To date, long-term functions of osteoblasts leading to calcium and phosphorus mineral deposition on nanometals have not been determined. Nanometals are metals with constituent metal particles and/or surface features less than 100 nm in at least one dimension. For this reason, the objective of this in vitro study was to determine the amount of calcium and phosphorus mineral formation on microphase compared to nanophase Ti, Ti6Al4V, and CoCrMo cultured with and without osteoblasts (bone-forming cells). The results of this study provided the first evidence of significantly greater calcium and phosphorus deposition by osteoblasts and precipitation from culture media without osteoblasts on nanophase compared to respective microphase Ti6Al4V and CoCrMo after 21 days; the greatest calcium and phosphorus mineral deposition occurred on nanophase CoCrMo while the greatest calcium and phosphorus mineral precipitation without osteoblasts occurred on nanophase Ti6Al4V. No differences were found for any type of Ti: wrought, microphase, or nanophase. Moreover, increased calcium and phosphorus mineral content correlated to greater amounts of underlying aluminum content on Ti6Al4V surfaces. Since, compared to microphase Ti6Al4V, nanophase Ti6Al4V contained a higher amount of aluminum at the surface (due to greater surface area), this may provide a reason for enhanced calcium and phosphorus mineral content on nanophase Ti6Al4V. Regardless of the mechanism, this study continues to support the further investigation of nanometals for improved orthopedic applications.

Increased osteoblast functions on undoped and yttrium-doped nanocrystalline hydroxyapatite coatings on titanium.

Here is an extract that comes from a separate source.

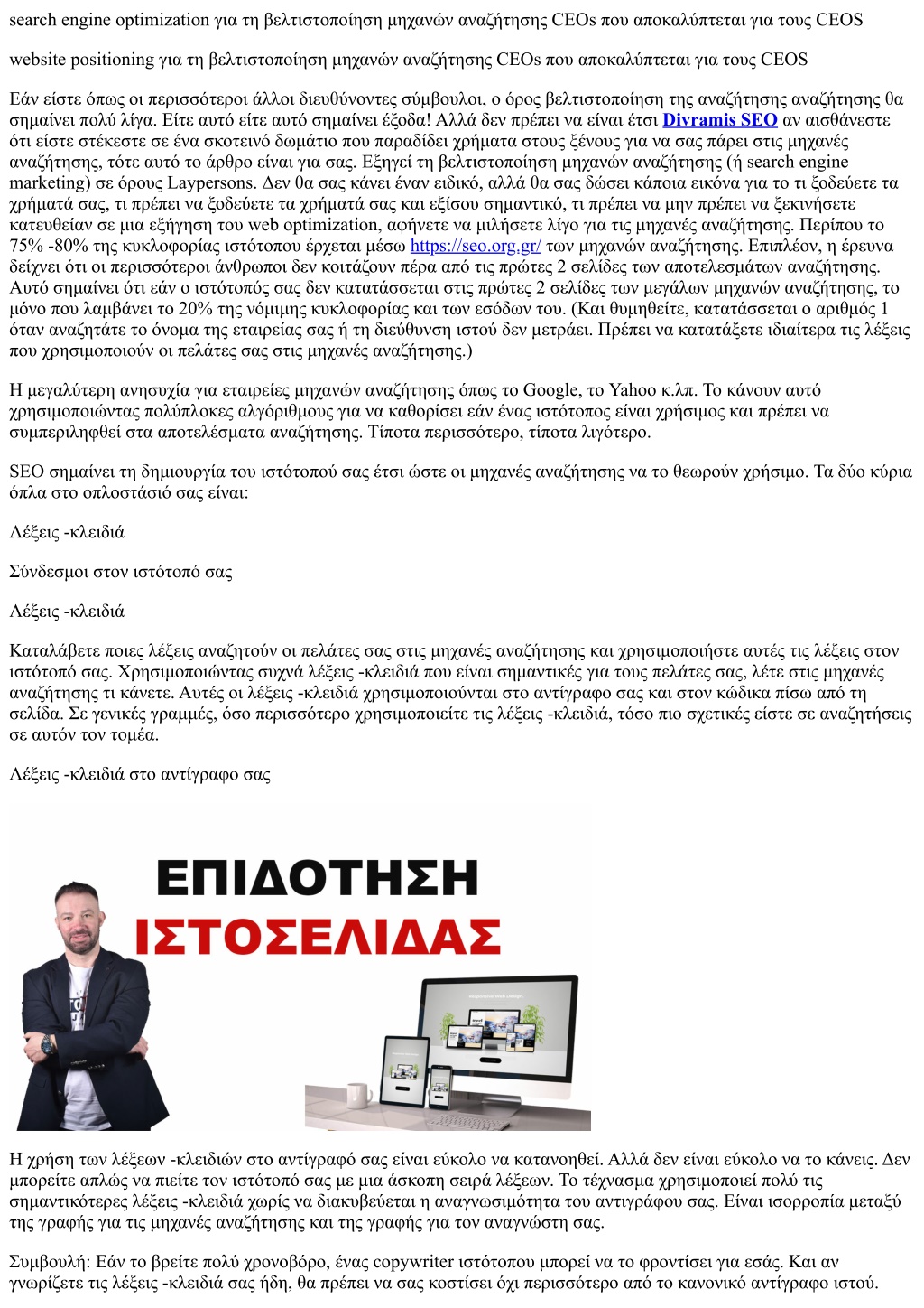 search engine optimization για τη βελτιστοποίηση μηχανών αναζήτησης CEOs που αποκαλύπτεται για τους CEOS website positioning για τη βελτιστοποίηση μηχανών αναζήτησης CEOs που αποκαλύπτεται για τους CEOS Εάν είστε όπως οι περισσότεροι άλλοι διευθύνοντες σύμβουλοι, ο όρος βελτιστοποίηση της αναζήτησης αναζήτησης θα σημαίνει πολύ λίγα. Είτε αυτό είτε αυτό σημαίνει έξοδα! Αλλά δεν πρέπει να είναι έτσι Divramis SEO αν αισθάνεστε ότι είστε στέκεστε σε ένα σκοτεινό δωμάτιο που παραδίδει χρήματα στους ξένους για να σας πάρει στις μηχανές αναζήτησης, τότε αυτό το άρθρο είναι για σας. Εξηγεί τη βελτιστοποίηση μηχανών αναζήτησης (ή search engine marketing) σε όρους Laypersons. Δεν θα σας κάνει έναν ειδικό, αλλά θα σας δώσει κάποια εικόνα για το τι ξοδεύετε τα χρήματά σας, τι πρέπει να ξοδεύετε τα χρήματά σας και εξίσου σημαντικό, τι πρέπει να μην πρέπει να ξεκινήσετε κατευθείαν σε μια εξήγηση του web optimization, αφήνετε να μιλήσετε λίγο για τις μηχανές αναζήτησης. Περίπου το 75% -80% της κυκλοφορίας ιστότοπου έρχεται μέσω https://seo.org.gr/ των μηχανών αναζήτησης. Επιπλέον, η έρευνα δείχνει ότι οι περισσότεροι άνθρωποι δεν κοιτάζουν πέρα από τις πρώτες 2 σελίδες των αποτελεσμάτων αναζήτησης. Αυτό σημαίνει ότι εάν ο ιστότοπός σας δεν κατατάσσεται στις πρώτες 2 σελίδες των μεγάλων μηχανών αναζήτησης, το μόνο που λαμβάνει το 20% της νόμιμης κυκλοφορίας και των εσόδων του. (Και θυμηθείτε, κατατάσσεται ο αριθμός 1 όταν αναζητάτε το όνομα της εταιρείας σας ή τη διεύθυνση ιστού δεν μετράει. Πρέπει να κατατάξετε ιδιαίτερα τις λέξεις που χρησιμοποιούν οι πελάτες σας στις μηχανές αναζήτησης.) Η μεγαλύτερη ανησυχία για εταιρείες μηχανών αναζήτησης όπως το Google, το Yahoo κ.λπ. Το κάνουν αυτό χρησιμοποιώντας πολύπλοκες αλγόριθμους για να καθορίσει εάν ένας ιστότοπος είναι χρήσιμος και πρέπει να συμπεριληφθεί στα αποτελέσματα αναζήτησης. Τίποτα περισσότερο, τίποτα λιγότερο. SEO σημαίνει τη δημιουργία του ιστότοπού σας έτσι ώστε οι μηχανές αναζήτησης να το θεωρούν χρήσιμο. Τα δύο κύρια όπλα στο οπλοστάσιό σας είναι: Λέξεις -κλειδιά Σύνδεσμοι στον ιστότοπό σας Λέξεις -κλειδιά Καταλάβετε ποιες λέξεις αναζητούν οι πελάτες σας στις μηχανές αναζήτησης και χρησιμοποιήστε αυτές τις λέξεις στον ιστότοπό σας. Χρησιμοποιώντας συχνά λέξεις -κλειδιά που είναι σημαντικές για τους πελάτες σας, λέτε στις μηχανές αναζήτησης τι κάνετε. Αυτές οι λέξεις -κλειδιά χρησιμοποιούνται στο αντίγραφο σας και στον κώδικα πίσω από τη σελίδα. Σε γενικές γραμμές, όσο περισσότερο χρησιμοποιείτε τις λέξεις -κλειδιά, τόσο πιο σχετικές είστε σε αναζητήσεις σε αυτόν τον τομέα. Λέξεις -κλειδιά στο αντίγραφο σας Η χρήση των λέξεων -κλειδιών στο αντίγραφό σας είναι εύκολο να κατανοηθεί. Αλλά δεν είναι εύκολο να το κάνεις. Δεν μπορείτε απλώς να πιείτε τον ιστότοπό σας με μια άσκοπη σειρά λέξεων. Το τέχνασμα χρησιμοποιεί πολύ τις σημαντικότερες λέξεις -κλειδιά χωρίς να διακυβεύεται η αναγνωσιμότητα του αντιγράφου σας. Είναι ισορροπία μεταξύ της γραφής για τις μηχανές αναζήτησης και της γραφής για τον αναγνώστη σας. Συμβουλή: Εάν το βρείτε πολύ χρονοβόρο, ένας copywriter ιστότοπου μπορεί να το φροντίσει για εσάς. Και αν γνωρίζετε τις λέξεις -κλειδιά σας ήδη, θα πρέπει να σας κοστίσει όχι περισσότερο από το κανονικό αντίγραφο ιστού.

In order to improve orthopedic implant performance, the objective of this in vitro study was to synthesize nanocrystalline hydroxyapatite (HA) powders to coat titanium. HA was synthesized through a wet chemical process. The precipitated powders were either sintered at 1100 degrees C for 1h in order to produce UltraCap HA (or microcrystalline size HA) or were treated hydrothermally at 200 degrees C for 20 h to produce nanocrystalline HA. Some of the UltraCap and nanocrystalline HA powders were doped with yttrium (Y) since previous studies demonstrated that Y-doped HA in bulk improved osteoblast (or bone-forming cell) function over undoped HA. The original HA particles were characterized using X-ray diffraction (XRD), inductively coupled plasma-atomic emission spectroscopy (ICP-AES), BET, a laser particle size analyzer, and scanning electron microscopy (SEM). These powders were then deposited onto titanium by a novel room-temperature process, called IonTite. The properties of the resulting HA-coatings on titanium were compared to respective properties of the original HA powders. The results showed that the chemical and physical properties of the original HA powders were retained when coated on titanium by IonTite, as determined by XRD, SEM, and atomic force microscopy (AFM) analysis. More importantly, results showed increased osteoblast adhesion on the nanocrystalline HA IonTite coatings compared to traditionally used plasma-sprayed HA coatings. Results also demonstrated greater amounts of calcium deposition by osteoblasts cultured on Y-doped nanocrystalline HA coatings compared to either UltraCap IonTite coatings or plasma-sprayed HA coatings. These results encourage further studies on nanocrystalline IonTite HA coatings on titanium for improved orthopedic applications.